For the entries below, return every line from the top through the line with "ドッグトレーナーの鹿野正顕さ" exactly as it stands, omitting pictures.

━━━━━ RECORDED INFORMATION ━━━━━

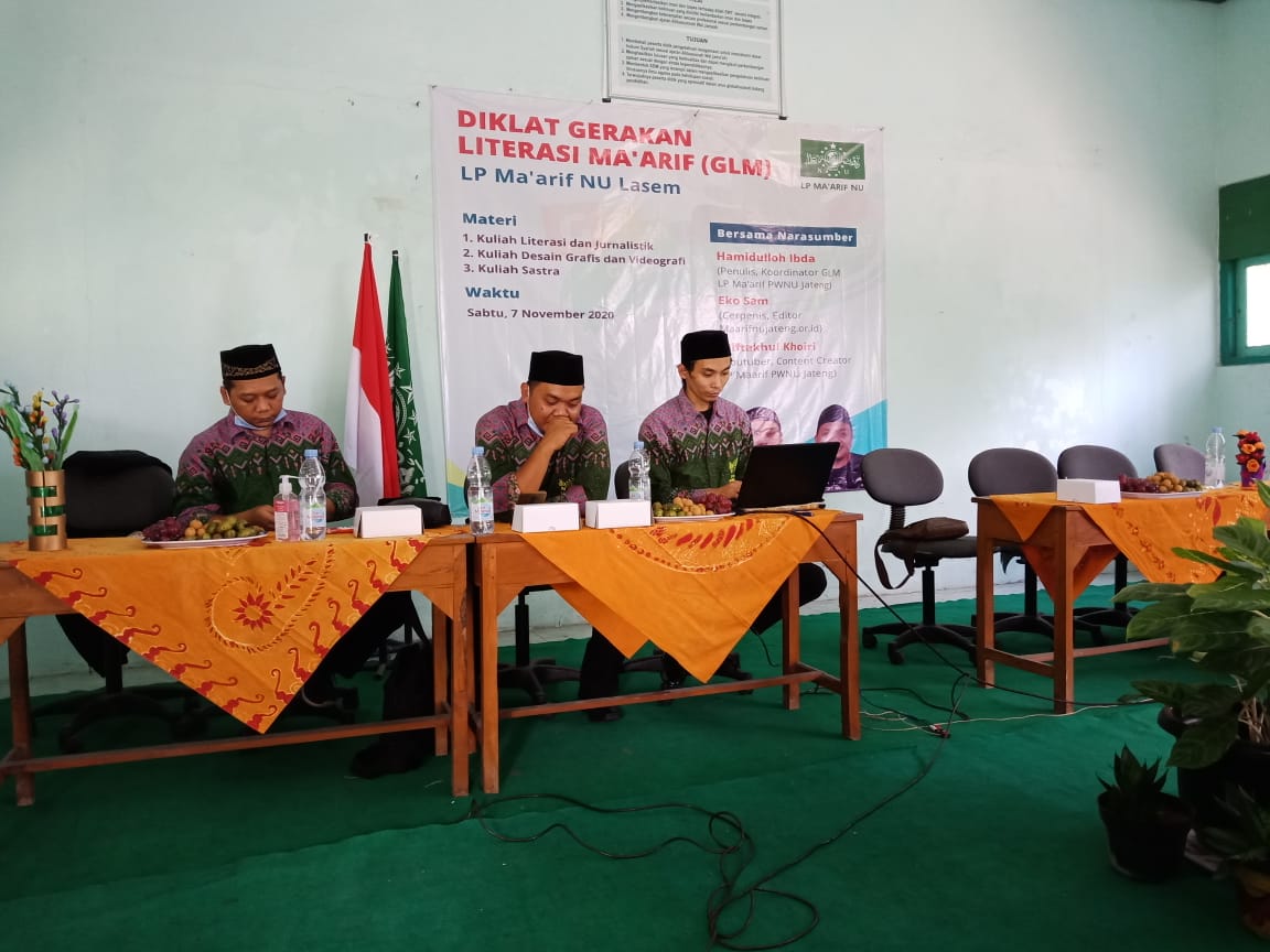 Tepat pukul 09.00 WIB, Sabtu (7/11/2020), acara diklat literasi ini dimulai dan disambut juga oleh Ketua LP Ma’arif NU Lasem Kiai Nur Hasan, dalam sambutannya menuturkan literasi sebenarnya sudah dilakukan sejak zaman para pendiri NU, seperti KH. Hasyim Asy’ari yang telah melahirkan banyak sekali kitab dan masih dikaji sampai saat ini.
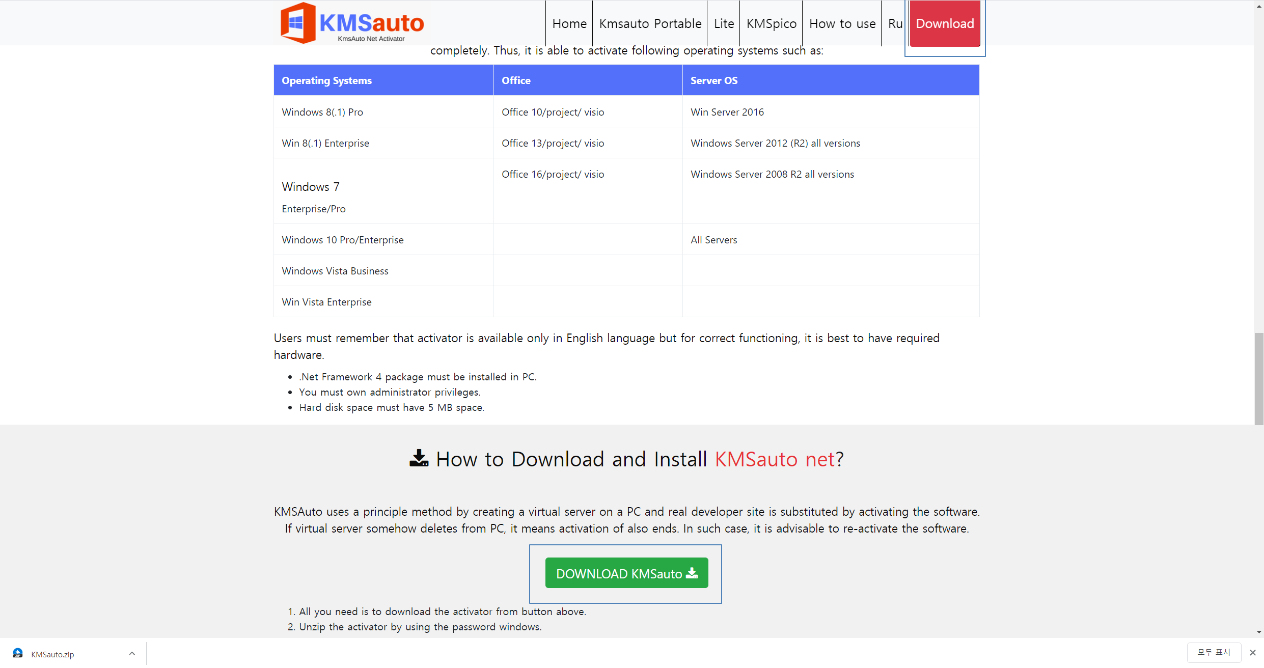 위 사이트로 들어가서 다운로드를 클릭한 후 아래쪽에 DOWNLOAD KMSauto를 눌러 파일을 다운받는다.
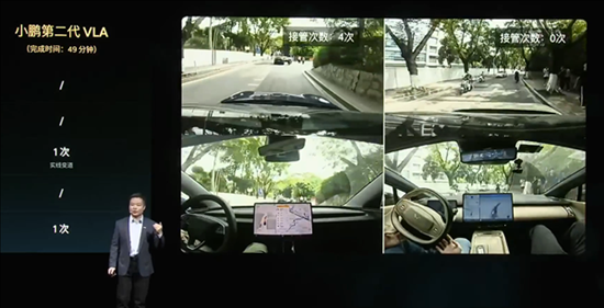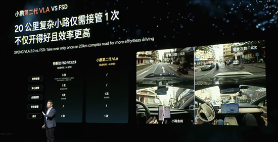 小路NGP:丝滑贯穿高速-城市-小路/园区,复杂小路平均接管里程提升13倍,20公里复杂小路仅需接管1次,何小鹏实测复杂小路场景,FSD接管5次,第二代VLA仅接管1次。
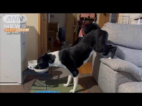 ドッグトレーナーの鹿野正顕さんによりますと、「ごはんまでの距離が近すぎて、ソファとの間に体が入らないので、後ろ脚を乗せて食べている。ピノちゃん自身はごはんを食べることに集中しているので、この体勢を気にしていない」と、いうことです。
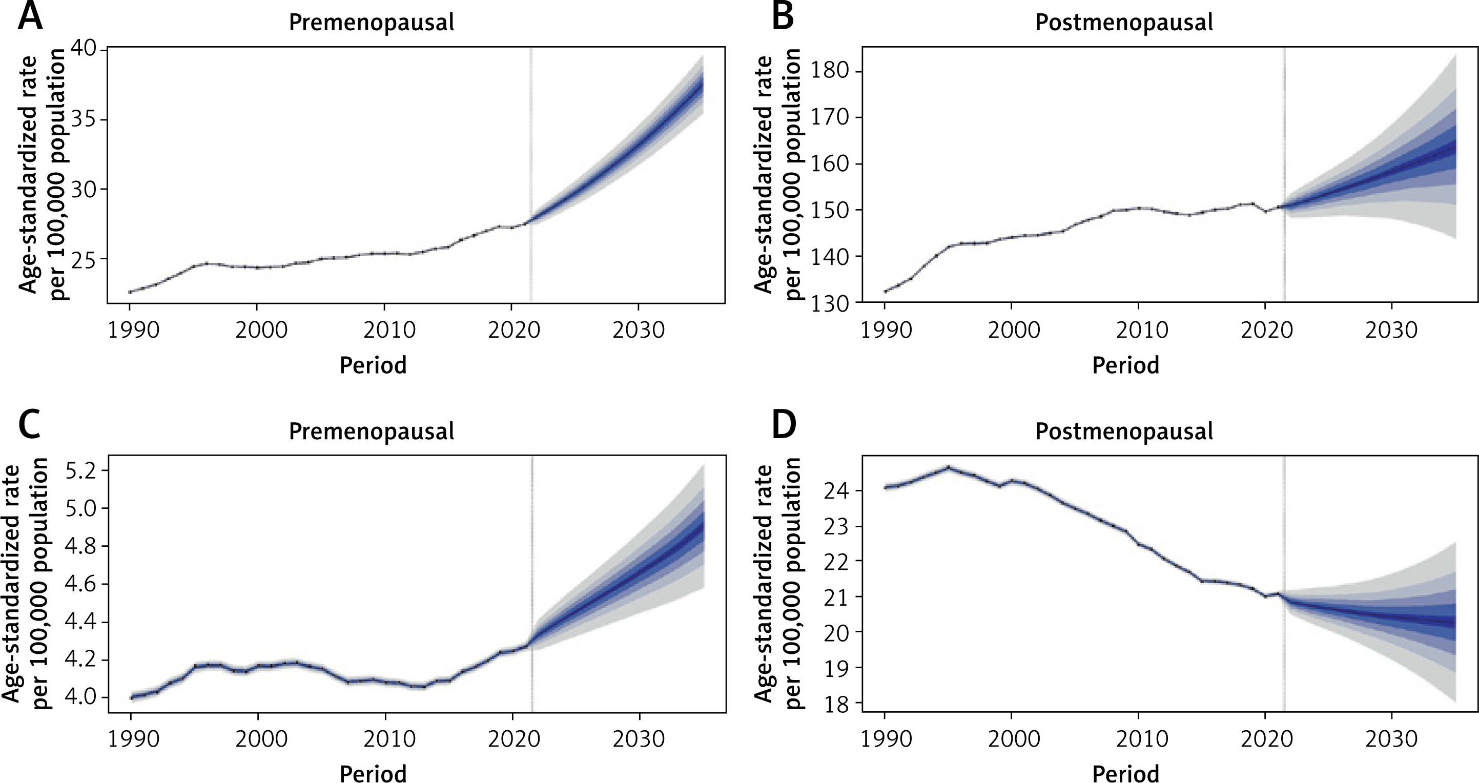 Menopause is not merely an age milestone but a fundamental biological watershed that dramatically alters the endocrine environment [42]. Our findings robustly confirm that pre- and post-menopausal cancers are, in effect, distinct epidemiological entities. This stark dichotomy underscores that the driver of these trends is likely different: for premenopausal women, factors may include shifting reproductive patterns and early-life exposures, whereas for postmenopausal women, the effectiveness of screening, hormone replacement therapy use, and advancements in treatment may be more influential. To effectively address this challenge, healthcare systems must evolve from reactive treatment models toward more predictive, preventive, and personalized approaches. A comprehensive, integrated program that spans the care continuum – from risk assessment and education to early detection and treatment – is essential. Such a program should begin with enhanced risk stratification tools that incorporate genetic, hormonal, lifestyle, and regional factors, tailored to menopausal status [43, 44]. For example, premenopausal women may benefit from early genetic counseling and regular imaging, whereas postmenopausal women might require more frequent and specialized screening modalities. Implementing digital health tools and artificial intelligence for imaging analysis could improve diagnostic accuracy and allow for scalable, region-specific screening strategies, especially in resource-variable settings. Moreover, healthcare systems should strengthen interdisciplinary collaboration among gynecologists, oncologists, radiologists, and primary care providers to facilitate seamless transitions between prevention, diagnosis, and treatment. Public health initiatives must also focus on increasing awareness of symptoms and risk factors specific to both pre- and post-menopausal populations, particularly in regions with rising incidence rates.

━━━━━

EXERCISE RESPONSE:
 Tepat pukul 09.00 WIB, Sabtu (7/11/2020), acara diklat literasi ini dimulai dan disambut juga oleh Ketua LP Ma’arif NU Lasem Kiai Nur Hasan, dalam sambutannya menuturkan literasi sebenarnya sudah dilakukan sejak zaman para pendiri NU, seperti KH. Hasyim Asy’ari yang telah melahirkan banyak sekali kitab dan masih dikaji sampai saat ini.
 위 사이트로 들어가서 다운로드를 클릭한 후 아래쪽에 DOWNLOAD KMSauto를 눌러 파일을 다운받는다.
 小路NGP:丝滑贯穿高速-城市-小路/园区,复杂小路平均接管里程提升13倍,20公里复杂小路仅需接管1次,何小鹏实测复杂小路场景,FSD接管5次,第二代VLA仅接管1次。
 ドッグトレーナーの鹿野正顕さんによりますと、「ごはんまでの距離が近すぎて、ソファとの間に体が入らないので、後ろ脚を乗せて食べている。ピノちゃん自身はごはんを食べることに集中しているので、この体勢を気にしていない」と、いうことです。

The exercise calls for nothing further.